_Try it:_
Nothing but an exact repetition of the listing should be returned.
##### Given records #####
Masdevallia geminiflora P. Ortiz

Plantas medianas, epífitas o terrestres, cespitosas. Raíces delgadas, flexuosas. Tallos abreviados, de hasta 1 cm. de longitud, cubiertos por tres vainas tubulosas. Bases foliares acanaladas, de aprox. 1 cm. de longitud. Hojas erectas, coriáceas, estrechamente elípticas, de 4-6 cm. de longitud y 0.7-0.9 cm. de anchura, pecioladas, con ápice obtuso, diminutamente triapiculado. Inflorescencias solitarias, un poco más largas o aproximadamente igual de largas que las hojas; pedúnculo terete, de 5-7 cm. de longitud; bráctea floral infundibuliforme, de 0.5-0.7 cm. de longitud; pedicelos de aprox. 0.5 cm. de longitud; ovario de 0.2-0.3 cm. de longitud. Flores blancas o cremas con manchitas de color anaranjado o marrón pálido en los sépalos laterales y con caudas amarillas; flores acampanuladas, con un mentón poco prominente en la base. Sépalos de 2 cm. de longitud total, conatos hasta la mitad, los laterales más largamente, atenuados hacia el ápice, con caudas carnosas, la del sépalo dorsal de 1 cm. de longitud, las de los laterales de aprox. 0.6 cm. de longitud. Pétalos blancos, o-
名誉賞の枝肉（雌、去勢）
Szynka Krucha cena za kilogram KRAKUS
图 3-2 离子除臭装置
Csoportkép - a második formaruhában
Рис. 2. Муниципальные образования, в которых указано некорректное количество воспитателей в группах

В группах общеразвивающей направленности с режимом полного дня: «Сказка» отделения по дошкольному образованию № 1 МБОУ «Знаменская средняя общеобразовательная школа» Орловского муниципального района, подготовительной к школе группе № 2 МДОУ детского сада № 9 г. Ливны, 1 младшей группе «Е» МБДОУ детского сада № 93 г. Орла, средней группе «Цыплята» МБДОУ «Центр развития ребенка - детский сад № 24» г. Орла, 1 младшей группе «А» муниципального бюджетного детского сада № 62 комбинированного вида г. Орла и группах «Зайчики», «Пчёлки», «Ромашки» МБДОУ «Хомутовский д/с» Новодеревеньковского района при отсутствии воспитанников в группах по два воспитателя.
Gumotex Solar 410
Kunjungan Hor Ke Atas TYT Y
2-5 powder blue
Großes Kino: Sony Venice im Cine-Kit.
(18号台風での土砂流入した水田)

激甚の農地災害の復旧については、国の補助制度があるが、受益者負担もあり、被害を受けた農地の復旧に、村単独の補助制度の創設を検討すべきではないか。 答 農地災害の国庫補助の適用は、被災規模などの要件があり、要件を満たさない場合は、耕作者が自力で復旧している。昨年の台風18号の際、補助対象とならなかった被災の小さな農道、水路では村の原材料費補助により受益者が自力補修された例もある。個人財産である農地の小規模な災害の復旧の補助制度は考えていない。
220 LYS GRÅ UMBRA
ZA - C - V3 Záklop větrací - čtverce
#####
_Answer below:_
Masdevallia geminiflora P. Ortiz

Plantas medianas, epífitas o terrestres, cespitosas. Raíces delgadas, flexuosas. Tallos abreviados, de hasta 1 cm. de longitud, cubiertos por tres vainas tubulosas. Bases foliares acanaladas, de aprox. 1 cm. de longitud. Hojas erectas, coriáceas, estrechamente elípticas, de 4-6 cm. de longitud y 0.7-0.9 cm. de anchura, pecioladas, con ápice obtuso, diminutamente triapiculado. Inflorescencias solitarias, un poco más largas o aproximadamente igual de largas que las hojas; pedúnculo terete, de 5-7 cm. de longitud; bráctea floral infundibuliforme, de 0.5-0.7 cm. de longitud; pedicelos de aprox. 0.5 cm. de longitud; ovario de 0.2-0.3 cm. de longitud. Flores blancas o cremas con manchitas de color anaranjado o marrón pálido en los sépalos laterales y con caudas amarillas; flores acampanuladas, con un mentón poco prominente en la base. Sépalos de 2 cm. de longitud total, conatos hasta la mitad, los laterales más largamente, atenuados hacia el ápice, con caudas carnosas, la del sépalo dorsal de 1 cm. de longitud, las de los laterales de aprox. 0.6 cm. de longitud. Pétalos blancos, o-
名誉賞の枝肉（雌、去勢）
Szynka Krucha cena za kilogram KRAKUS
图 3-2 离子除臭装置
Csoportkép - a második formaruhában
Рис. 2. Муниципальные образования, в которых указано некорректное количество воспитателей в группах

В группах общеразвивающей направленности с режимом полного дня: «Сказка» отделения по дошкольному образованию № 1 МБОУ «Знаменская средняя общеобразовательная школа» Орловского муниципального района, подготовительной к школе группе № 2 МДОУ детского сада № 9 г. Ливны, 1 младшей группе «Е» МБДОУ детского сада № 93 г. Орла, средней группе «Цыплята» МБДОУ «Центр развития ребенка - детский сад № 24» г. Орла, 1 младшей группе «А» муниципального бюджетного детского сада № 62 комбинированного вида г. Орла и группах «Зайчики», «Пчёлки», «Ромашки» МБДОУ «Хомутовский д/с» Новодеревеньковского района при отсутствии воспитанников в группах по два воспитателя.
Gumotex Solar 410
Kunjungan Hor Ke Atas TYT Y
2-5 powder blue
Großes Kino: Sony Venice im Cine-Kit.
(18号台風での土砂流入した水田)

激甚の農地災害の復旧については、国の補助制度があるが、受益者負担もあり、被害を受けた農地の復旧に、村単独の補助制度の創設を検討すべきではないか。 答 農地災害の国庫補助の適用は、被災規模などの要件があり、要件を満たさない場合は、耕作者が自力で復旧している。昨年の台風18号の際、補助対象とならなかった被災の小さな農道、水路では村の原材料費補助により受益者が自力補修された例もある。個人財産である農地の小規模な災害の復旧の補助制度は考えていない。
220 LYS GRÅ UMBRA
ZA - C - V3 Záklop větrací - čtverce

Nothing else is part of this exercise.